The full listing, exactly as written and with no images, is the expected output.
[[ SUPPLIED DATA open ]]
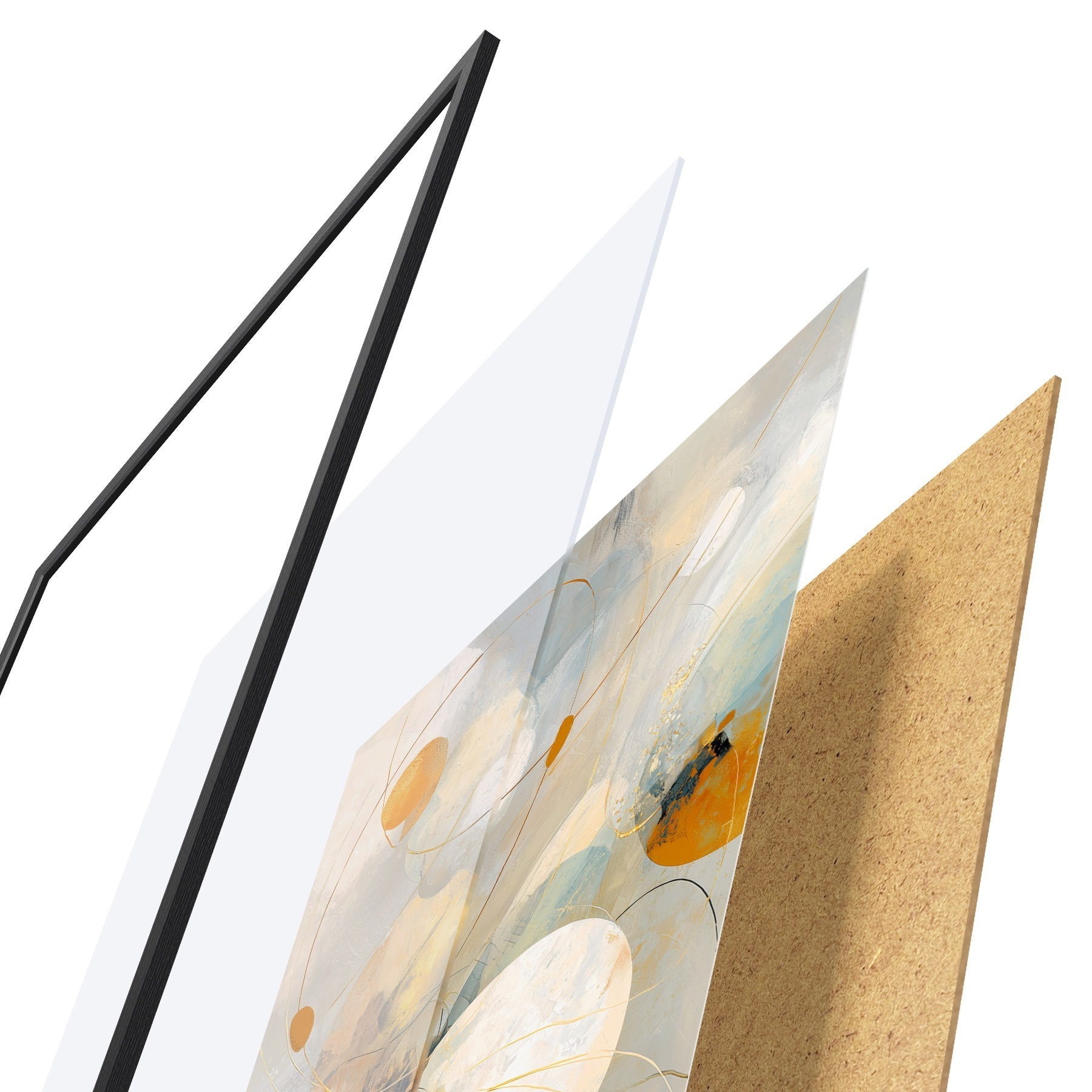 De poster bestaat uit een frame, plexiglas, geprinte afbeelding en spaanplaat achterkant. De poster kan meteen aan de muur worden gehangen dankzij de bevestigingen op de achterkant.
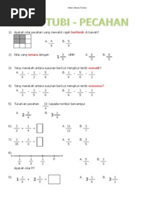 Contoh Soalan Matematik Pecahan Tahun 5 Beserta Jawapan
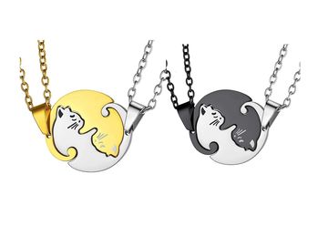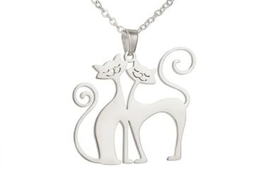 Halsband med ett kattpar. Perfekt för den som inte kan bestämma sig för en av katterna. Rostfritt stål.
[[ SUPPLIED DATA closed ]]
ANSWER AREA:
 De poster bestaat uit een frame, plexiglas, geprinte afbeelding en spaanplaat achterkant. De poster kan meteen aan de muur worden gehangen dankzij de bevestigingen op de achterkant.
 Contoh Soalan Matematik Pecahan Tahun 5 Beserta Jawapan
 Halsband med ett kattpar. Perfekt för den som inte kan bestämma sig för en av katterna. Rostfritt stål.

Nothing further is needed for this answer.